**WORK REQUIRED:** The entries that follow should be reproduced exactly, with no images carried over.

**RECORDED INFORMATION:**
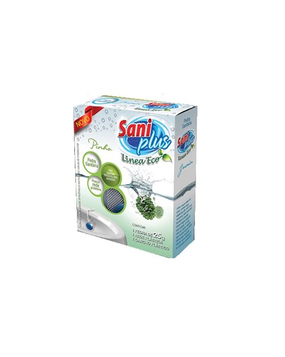 Caracteristicas:Pedra Sanitária com Rede Protetora SaniplusAo contrário das pedras sanitárias comuns, a Pedra Sanitária SaniPlus não contém fosfato, componente que pode agredir a vida marinha ao ser descartado, nem Paradiclorobenzeno, ingrediente potencialmente cancerígeno. Além disso, contém detergente biodegradável, sendo inofensivo ao meio ambiente. Contém: pedra de 25g, 1 rede plástica + 1 gancho plástico Fragrâncias: Pinho * As especificações podem ser alteradas sem aviso prévio ** Imagem meramente ilustrativa.
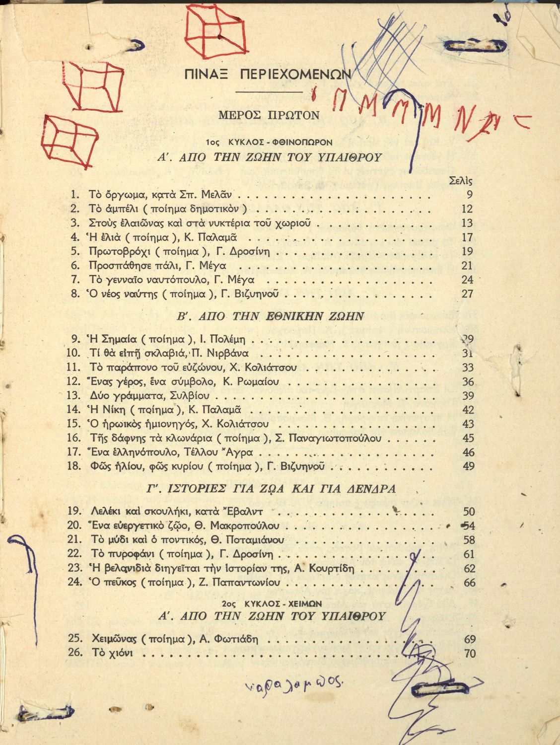 Αναγνωστικό Δ' Δημοτικού που είναι χωρισμένο σύμφωνα με τις εποχές του χρόνου και περιλαμβάνει ποιήματα και πεζά εμπνευσμένα από τη ζωή στην ύπαιθρο, την εθνική, οικογενειακή και κοινωνική ζωή, τη θρησκευτική παράδοση, τις ασχολίες των ανθρώπων, και την ελληνική φύση, ιστορία και μυθολογία.
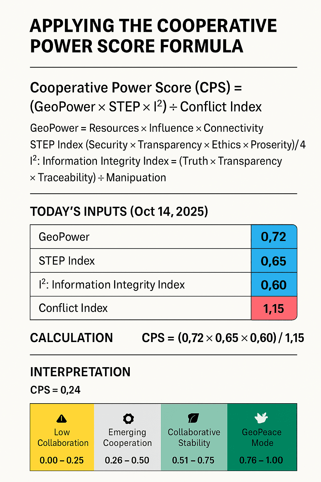 Raise any two of GP, STEP, I² by 0.1 each and reduce Conflict to 1.0 → CPS ≈ 0.43 (Emerging Cooperation).
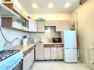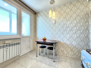 Чистый аккуратный подъезд, 2 лифта. Квартира расположена на 12м этаже, нет соседей сверху, никто не топает! Напольное покрытие в коридоре и на кухне- керамогранит. В комнате есть дополнительное пространство, что позволит вам использовать на свое усмотрение ( комната для отдыха или гардеробная).Лоджия остеклена. Здесь можно оборудовать дополнительное место для хранения одежды.Натяжные потолки, современные светильники, люстры. Санузел в современном кафеле, совмещен.
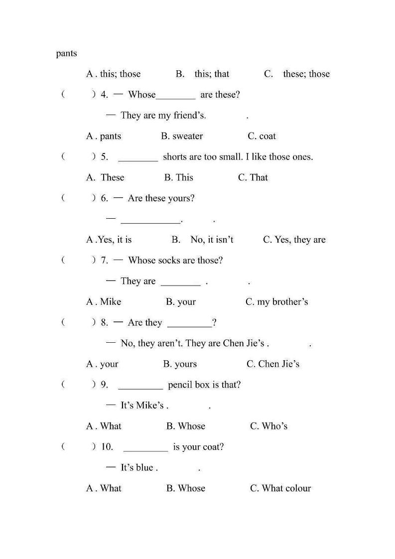 四年级下英语五六单元复习小测《PEP版》
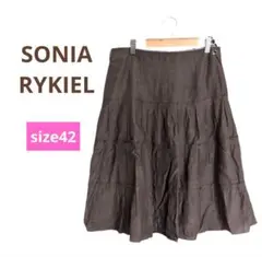 ダークブラウン フレアスカート リボン付き ソニアリキエル ひざ下
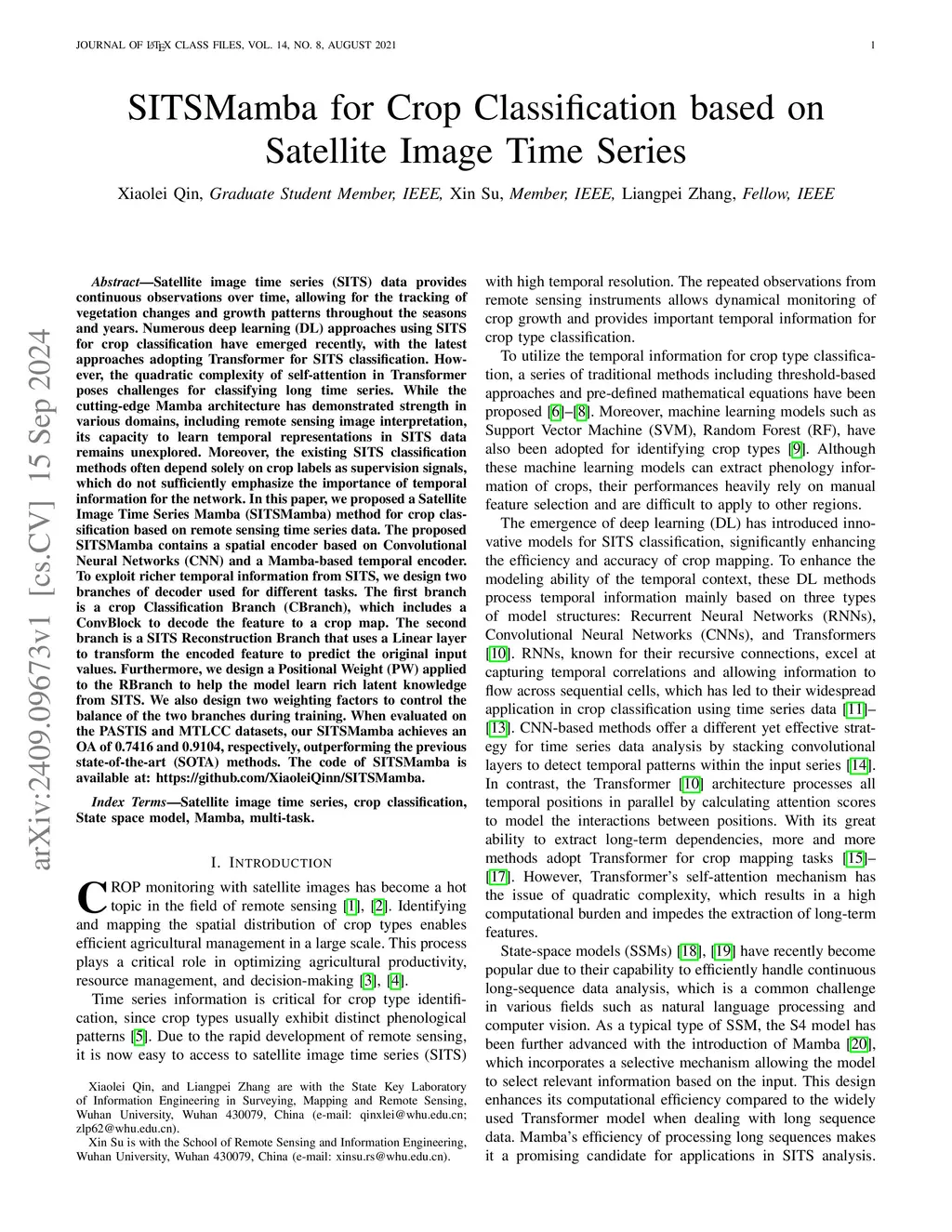 SITSMamba for Crop Classification based on Satellite Image Time Series
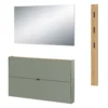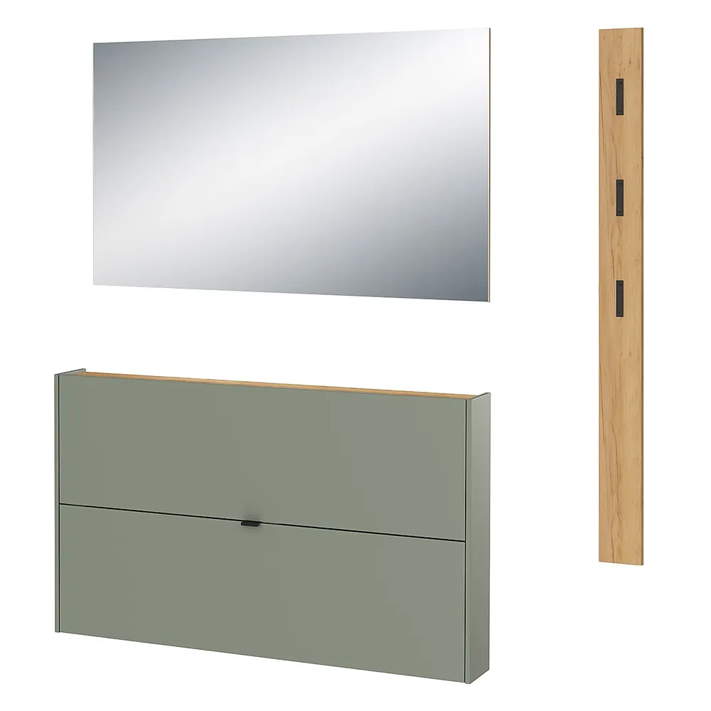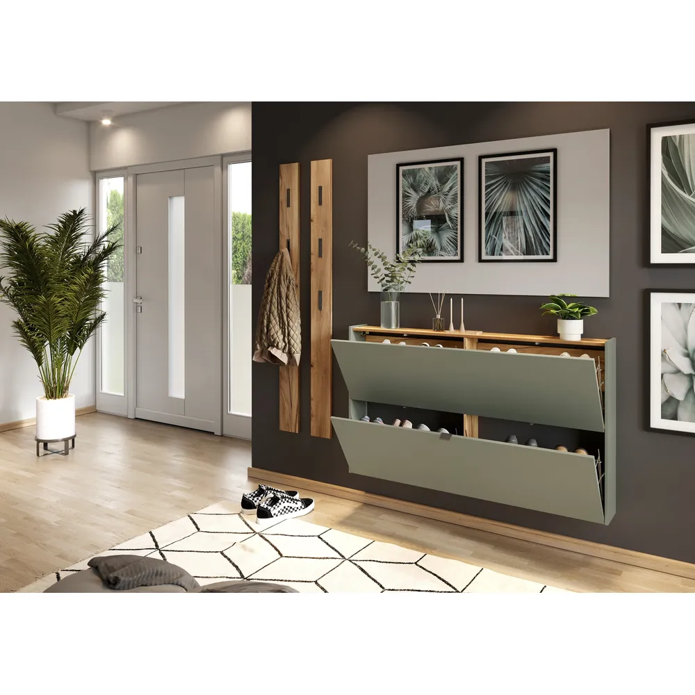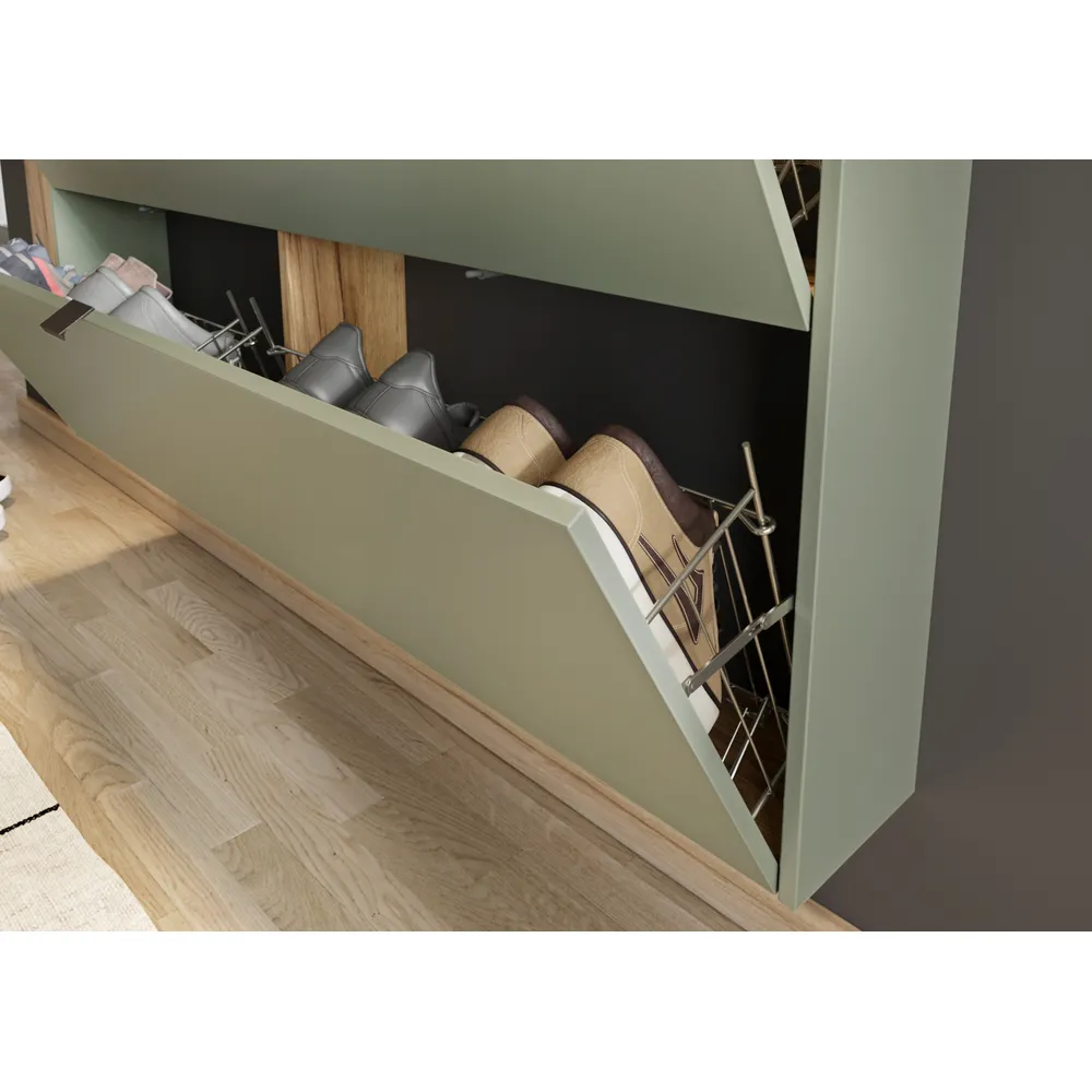 Omarica za čevlje Ameca 1392 združuje sodoben dizajn, optimalno funkcionalnost in kompaktno globino, zato je idealna za organizacijo obutve v hodniku ali predsobi. Kombinacija taupe zelene barve in dekorja hrasta Navarra prostoru doda toplino in sodoben videz.

**RESULT BELOW:**
 Caracteristicas:Pedra Sanitária com Rede Protetora SaniplusAo contrário das pedras sanitárias comuns, a Pedra Sanitária SaniPlus não contém fosfato, componente que pode agredir a vida marinha ao ser descartado, nem Paradiclorobenzeno, ingrediente potencialmente cancerígeno. Além disso, contém detergente biodegradável, sendo inofensivo ao meio ambiente. Contém: pedra de 25g, 1 rede plástica + 1 gancho plástico Fragrâncias: Pinho * As especificações podem ser alteradas sem aviso prévio ** Imagem meramente ilustrativa.
 Αναγνωστικό Δ' Δημοτικού που είναι χωρισμένο σύμφωνα με τις εποχές του χρόνου και περιλαμβάνει ποιήματα και πεζά εμπνευσμένα από τη ζωή στην ύπαιθρο, την εθνική, οικογενειακή και κοινωνική ζωή, τη θρησκευτική παράδοση, τις ασχολίες των ανθρώπων, και την ελληνική φύση, ιστορία και μυθολογία.
 Raise any two of GP, STEP, I² by 0.1 each and reduce Conflict to 1.0 → CPS ≈ 0.43 (Emerging Cooperation).
 Чистый аккуратный подъезд, 2 лифта. Квартира расположена на 12м этаже, нет соседей сверху, никто не топает! Напольное покрытие в коридоре и на кухне- керамогранит. В комнате есть дополнительное пространство, что позволит вам использовать на свое усмотрение ( комната для отдыха или гардеробная).Лоджия остеклена. Здесь можно оборудовать дополнительное место для хранения одежды.Натяжные потолки, современные светильники, люстры. Санузел в современном кафеле, совмещен.
 四年级下英语五六单元复习小测《PEP版》
 ダークブラウン フレアスカート リボン付き ソニアリキエル ひざ下
 SITSMamba for Crop Classification based on Satellite Image Time Series
 Omarica za čevlje Ameca 1392 združuje sodoben dizajn, optimalno funkcionalnost in kompaktno globino, zato je idealna za organizacijo obutve v hodniku ali predsobi. Kombinacija taupe zelene barve in dekorja hrasta Navarra prostoru doda toplino in sodoben videz.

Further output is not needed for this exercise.